@Account Closed
You've stated that you make your living by solving people's problems. Problems that began when they bought real estate. They're stuck with an illiquid asset and don't have time or for whatever reason are unable to offload it for what it's actually worth, so you capitalize on that. Meanwhile the S&P is up 10% YTD and savvy traders have easily made 20%. If they needed to liquidate their stocks they could do so with the click of a button. We see so many people on here desperate to park their money in RE: investing blindly in out of state turnkeys, negative cash flow appreciation gambles, overpriced dilapidated money pits, quitting perfectly good jobs to try wholesaling, etc., so many of them would be better off buying high dividend yield ETFs IMO.

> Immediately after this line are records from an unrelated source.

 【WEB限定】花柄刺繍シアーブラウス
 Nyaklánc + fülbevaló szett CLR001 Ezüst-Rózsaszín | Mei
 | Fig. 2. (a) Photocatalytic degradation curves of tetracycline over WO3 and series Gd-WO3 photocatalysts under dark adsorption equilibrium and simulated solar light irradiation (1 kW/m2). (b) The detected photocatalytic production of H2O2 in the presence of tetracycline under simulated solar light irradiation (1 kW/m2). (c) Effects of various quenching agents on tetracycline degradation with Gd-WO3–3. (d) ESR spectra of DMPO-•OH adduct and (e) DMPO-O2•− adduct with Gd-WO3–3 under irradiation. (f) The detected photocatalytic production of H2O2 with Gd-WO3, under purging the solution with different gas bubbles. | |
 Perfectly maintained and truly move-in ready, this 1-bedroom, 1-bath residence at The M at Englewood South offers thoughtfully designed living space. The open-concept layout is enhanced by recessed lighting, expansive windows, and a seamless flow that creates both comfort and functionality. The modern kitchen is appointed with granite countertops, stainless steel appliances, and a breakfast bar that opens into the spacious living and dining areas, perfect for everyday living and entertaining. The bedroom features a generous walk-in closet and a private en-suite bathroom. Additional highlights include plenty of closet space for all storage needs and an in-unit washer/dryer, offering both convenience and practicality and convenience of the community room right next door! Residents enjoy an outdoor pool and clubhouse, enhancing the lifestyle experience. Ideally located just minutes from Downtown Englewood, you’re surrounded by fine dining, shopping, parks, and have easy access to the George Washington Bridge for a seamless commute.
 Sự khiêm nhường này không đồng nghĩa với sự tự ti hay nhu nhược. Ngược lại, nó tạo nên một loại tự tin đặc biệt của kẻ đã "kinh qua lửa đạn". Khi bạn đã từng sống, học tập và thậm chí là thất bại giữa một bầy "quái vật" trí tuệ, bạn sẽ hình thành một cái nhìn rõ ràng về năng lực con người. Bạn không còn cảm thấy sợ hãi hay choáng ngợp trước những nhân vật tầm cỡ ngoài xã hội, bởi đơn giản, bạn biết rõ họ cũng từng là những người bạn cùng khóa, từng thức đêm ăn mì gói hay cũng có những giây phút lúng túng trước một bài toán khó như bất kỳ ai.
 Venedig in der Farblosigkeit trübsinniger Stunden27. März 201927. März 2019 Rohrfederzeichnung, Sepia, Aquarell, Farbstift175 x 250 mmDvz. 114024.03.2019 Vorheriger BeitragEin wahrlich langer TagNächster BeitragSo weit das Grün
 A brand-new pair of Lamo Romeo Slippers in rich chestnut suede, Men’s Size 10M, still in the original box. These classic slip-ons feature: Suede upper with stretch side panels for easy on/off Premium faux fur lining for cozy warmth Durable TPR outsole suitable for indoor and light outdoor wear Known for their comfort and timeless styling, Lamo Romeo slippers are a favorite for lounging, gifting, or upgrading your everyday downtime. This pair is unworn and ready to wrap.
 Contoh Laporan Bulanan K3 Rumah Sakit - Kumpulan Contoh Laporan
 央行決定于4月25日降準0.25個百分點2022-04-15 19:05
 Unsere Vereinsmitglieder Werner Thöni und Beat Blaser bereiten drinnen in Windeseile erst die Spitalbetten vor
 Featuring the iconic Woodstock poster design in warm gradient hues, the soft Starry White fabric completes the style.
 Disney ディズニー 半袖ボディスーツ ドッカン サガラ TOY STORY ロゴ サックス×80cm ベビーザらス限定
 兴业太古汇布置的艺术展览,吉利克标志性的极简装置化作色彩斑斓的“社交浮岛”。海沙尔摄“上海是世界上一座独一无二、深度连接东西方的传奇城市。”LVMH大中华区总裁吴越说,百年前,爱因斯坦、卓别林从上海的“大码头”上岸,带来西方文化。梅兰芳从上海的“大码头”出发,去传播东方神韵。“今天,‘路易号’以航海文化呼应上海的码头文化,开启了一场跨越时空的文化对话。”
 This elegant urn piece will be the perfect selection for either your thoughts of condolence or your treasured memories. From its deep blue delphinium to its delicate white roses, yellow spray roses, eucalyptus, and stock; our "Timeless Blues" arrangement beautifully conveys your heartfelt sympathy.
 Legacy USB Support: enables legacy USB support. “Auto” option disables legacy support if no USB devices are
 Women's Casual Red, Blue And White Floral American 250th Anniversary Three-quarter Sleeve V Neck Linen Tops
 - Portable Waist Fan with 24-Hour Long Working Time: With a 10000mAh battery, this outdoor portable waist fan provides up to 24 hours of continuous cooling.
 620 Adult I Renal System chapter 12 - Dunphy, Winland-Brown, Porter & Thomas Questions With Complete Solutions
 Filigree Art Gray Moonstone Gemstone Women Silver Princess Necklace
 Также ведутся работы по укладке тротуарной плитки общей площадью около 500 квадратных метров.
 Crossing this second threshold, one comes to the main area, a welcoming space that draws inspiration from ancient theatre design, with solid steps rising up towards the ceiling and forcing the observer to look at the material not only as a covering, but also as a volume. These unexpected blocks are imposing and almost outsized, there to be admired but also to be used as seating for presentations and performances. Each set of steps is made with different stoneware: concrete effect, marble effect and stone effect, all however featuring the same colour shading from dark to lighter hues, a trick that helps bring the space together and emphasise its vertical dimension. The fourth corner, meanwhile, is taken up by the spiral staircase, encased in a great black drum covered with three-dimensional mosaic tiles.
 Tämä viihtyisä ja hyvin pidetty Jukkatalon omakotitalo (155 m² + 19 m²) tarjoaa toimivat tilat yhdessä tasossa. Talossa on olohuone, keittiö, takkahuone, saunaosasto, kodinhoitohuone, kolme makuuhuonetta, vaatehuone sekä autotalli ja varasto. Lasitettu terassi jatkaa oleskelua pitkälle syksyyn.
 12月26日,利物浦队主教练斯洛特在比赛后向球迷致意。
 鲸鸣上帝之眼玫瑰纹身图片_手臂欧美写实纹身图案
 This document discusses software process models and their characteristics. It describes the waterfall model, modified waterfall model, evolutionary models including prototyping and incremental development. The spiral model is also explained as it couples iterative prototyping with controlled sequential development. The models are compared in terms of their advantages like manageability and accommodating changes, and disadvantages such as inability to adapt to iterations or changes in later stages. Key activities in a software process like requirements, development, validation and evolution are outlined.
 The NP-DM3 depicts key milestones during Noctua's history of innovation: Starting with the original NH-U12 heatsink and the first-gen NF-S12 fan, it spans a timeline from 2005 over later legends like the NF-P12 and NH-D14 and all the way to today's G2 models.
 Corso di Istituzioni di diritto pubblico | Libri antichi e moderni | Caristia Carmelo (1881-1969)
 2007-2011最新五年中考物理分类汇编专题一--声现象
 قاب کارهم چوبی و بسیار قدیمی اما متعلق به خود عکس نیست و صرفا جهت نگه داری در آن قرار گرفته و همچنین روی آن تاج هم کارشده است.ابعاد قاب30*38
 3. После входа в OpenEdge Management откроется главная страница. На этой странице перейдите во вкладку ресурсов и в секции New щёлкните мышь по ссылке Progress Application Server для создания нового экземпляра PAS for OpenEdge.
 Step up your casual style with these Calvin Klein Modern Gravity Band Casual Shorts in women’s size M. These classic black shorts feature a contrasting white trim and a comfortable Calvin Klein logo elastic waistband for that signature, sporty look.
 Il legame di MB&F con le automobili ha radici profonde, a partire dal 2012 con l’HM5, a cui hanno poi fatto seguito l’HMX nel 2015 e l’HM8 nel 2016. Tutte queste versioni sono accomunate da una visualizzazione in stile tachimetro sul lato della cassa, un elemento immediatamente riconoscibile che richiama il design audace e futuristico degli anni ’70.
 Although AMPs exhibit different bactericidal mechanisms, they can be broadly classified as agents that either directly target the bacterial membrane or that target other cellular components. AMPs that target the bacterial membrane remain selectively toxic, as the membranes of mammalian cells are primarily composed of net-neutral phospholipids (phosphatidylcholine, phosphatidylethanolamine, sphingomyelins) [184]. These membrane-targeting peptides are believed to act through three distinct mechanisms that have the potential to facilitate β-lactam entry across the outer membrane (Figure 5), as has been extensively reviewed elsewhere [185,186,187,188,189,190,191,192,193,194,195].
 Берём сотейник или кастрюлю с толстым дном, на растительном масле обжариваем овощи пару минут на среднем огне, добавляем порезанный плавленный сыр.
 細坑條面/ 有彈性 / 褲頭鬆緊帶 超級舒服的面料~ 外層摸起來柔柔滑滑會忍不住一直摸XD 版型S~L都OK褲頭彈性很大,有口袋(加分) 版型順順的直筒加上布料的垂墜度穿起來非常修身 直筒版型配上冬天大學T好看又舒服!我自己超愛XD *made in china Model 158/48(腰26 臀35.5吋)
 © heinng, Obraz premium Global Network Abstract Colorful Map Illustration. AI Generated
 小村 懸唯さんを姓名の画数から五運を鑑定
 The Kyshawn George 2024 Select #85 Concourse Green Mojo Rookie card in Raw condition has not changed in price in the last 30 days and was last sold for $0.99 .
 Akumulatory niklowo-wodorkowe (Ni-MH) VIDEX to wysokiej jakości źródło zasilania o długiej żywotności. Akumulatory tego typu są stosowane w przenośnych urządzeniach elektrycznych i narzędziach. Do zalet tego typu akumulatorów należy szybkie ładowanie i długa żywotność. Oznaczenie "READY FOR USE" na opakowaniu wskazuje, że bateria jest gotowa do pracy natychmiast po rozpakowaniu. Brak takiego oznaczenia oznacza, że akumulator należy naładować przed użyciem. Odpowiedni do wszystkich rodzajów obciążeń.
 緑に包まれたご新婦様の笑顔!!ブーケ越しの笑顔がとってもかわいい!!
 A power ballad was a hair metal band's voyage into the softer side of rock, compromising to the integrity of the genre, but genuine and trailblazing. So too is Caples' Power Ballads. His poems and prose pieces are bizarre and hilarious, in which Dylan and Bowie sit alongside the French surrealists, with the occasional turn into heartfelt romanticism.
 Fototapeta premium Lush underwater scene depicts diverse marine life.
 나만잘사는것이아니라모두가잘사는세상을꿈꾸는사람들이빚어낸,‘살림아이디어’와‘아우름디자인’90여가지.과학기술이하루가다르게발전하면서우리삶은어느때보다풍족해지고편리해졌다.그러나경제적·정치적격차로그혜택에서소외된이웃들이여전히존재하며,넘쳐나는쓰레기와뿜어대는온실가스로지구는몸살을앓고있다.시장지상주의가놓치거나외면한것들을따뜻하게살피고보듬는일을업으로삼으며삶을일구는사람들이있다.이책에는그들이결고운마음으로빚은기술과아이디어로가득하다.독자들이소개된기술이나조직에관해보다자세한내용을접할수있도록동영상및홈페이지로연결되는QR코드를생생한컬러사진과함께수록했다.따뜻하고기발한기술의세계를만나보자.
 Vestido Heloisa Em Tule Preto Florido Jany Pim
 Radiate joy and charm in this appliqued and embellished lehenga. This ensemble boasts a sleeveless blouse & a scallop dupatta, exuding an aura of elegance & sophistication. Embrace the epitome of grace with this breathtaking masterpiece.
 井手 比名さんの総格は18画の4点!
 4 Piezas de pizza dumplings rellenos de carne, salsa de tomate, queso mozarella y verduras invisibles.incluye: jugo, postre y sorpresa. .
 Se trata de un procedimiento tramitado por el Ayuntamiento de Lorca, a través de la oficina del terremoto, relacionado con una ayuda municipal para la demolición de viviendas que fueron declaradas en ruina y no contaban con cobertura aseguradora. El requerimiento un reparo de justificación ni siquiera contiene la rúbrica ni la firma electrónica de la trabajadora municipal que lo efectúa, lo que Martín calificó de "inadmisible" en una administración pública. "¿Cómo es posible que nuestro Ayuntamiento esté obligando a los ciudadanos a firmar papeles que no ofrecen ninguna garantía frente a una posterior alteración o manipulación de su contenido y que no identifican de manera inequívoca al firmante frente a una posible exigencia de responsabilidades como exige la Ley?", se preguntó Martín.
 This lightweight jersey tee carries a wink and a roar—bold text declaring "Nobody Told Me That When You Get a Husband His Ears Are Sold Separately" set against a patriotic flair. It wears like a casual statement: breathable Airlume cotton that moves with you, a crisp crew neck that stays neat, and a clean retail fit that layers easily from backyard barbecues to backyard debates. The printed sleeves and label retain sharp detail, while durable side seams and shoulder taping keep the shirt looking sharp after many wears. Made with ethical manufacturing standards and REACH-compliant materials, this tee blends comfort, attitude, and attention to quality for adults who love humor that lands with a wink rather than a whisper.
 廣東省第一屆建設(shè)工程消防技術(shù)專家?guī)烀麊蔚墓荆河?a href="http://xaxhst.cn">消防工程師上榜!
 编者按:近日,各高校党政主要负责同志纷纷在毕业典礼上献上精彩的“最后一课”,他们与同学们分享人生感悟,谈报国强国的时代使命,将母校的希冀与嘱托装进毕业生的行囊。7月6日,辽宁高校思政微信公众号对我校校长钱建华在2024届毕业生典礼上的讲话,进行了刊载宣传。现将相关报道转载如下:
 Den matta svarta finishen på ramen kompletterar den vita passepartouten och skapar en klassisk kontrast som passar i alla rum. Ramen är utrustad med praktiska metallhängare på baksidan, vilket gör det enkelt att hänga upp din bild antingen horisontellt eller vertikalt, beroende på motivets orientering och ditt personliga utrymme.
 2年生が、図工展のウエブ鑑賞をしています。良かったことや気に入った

Personally I try to avoid over simplified binary thinking like "Real Estate good so Stock Market bad". I do see your point however that REI has an advantage in being able to use other people's money, sweat equity, subject-to or other various niche expertise to build wealth from nothing. That seems to be the case for you personally, and congrats btw. But that doesn't mean that techniques don't exist to build wealth from nothing with other methods, including stocks. Essentially what you've done is built a business and RE happens to be your market. Why compare what you've done with investing in stocks when anyone can start a business in any field that they're uniquely qualified in and be successful even with a small initial investment?
You've had success in RE, but it didn't happen in 12 hours. You have probably invested many hours perfecting your craft with deals that broke even or even lost money. If you'd spent that time learning about stocks and ways to invest with little cash, you'd likely have found a way to be successful in stocks too.
If we're truly looking to compare stocks with real estate, every study I've ever seen has shown stocks beating real estate in average returns. Of course nobody wants to be average, everyone wants to hit the home run and beat the market. This is where people get in trouble, thinking they can out compete all the other sharks in RE or computers that run algorithms to trade stocks. With this in mind and knowing that RE is a lot more hands on, which is both more room for error and more time spent, then logic tells us that if one wanted to limit themselves to one or the other for whatever reason, and the goal was return on time invested, then stocks clearly win. I prefer both: 70% aristocrat stocks for truly passive income, 30% value-add long term buy and hold RE that has basically become my job. For people new to investing or looking for a truly passive investment I always recommend stocks first because buying an ETF is a lot harder to screw up than buying real property, as evidenced by the deals you're finding which you source from people who screwed up RE deals.
I guess I'm the yin to your yang: I don't think most people should jump in to REI unless they already have a robust stock portfolio providing substantial dividends and/or vast cash reserves so they can afford to dig themselves out when a sewage line clogs, a deranged tenant trashes a unit and has to be evicted, they miscalculate the ARV by more than their profit margin because they forgot to double their back of the napkin rehab budget, tariffs cause the price of lumber to double during permitting, or something expensive and unexpected inevitably goes wrong. Owning real estate is more expensive and prone to catastrophic failure than owning dividend stocks hands down in my experience.
Your post provides examples of how RE can be risky (all the people selling to you at a huge discount), and demonstrates how the investment class has become more exclusive over time (ability to buy the market/ save up for a down payment becoming less achievable using average wages), but you have not built a case for how investing in the stock market saps your wealth. Maybe the moderators can edit the title to "How investing in real estate saps your wealth".
That said, thanks for sharing your story and some of your secret sauce. This thread has been provocative which I suspect was your underlying intention.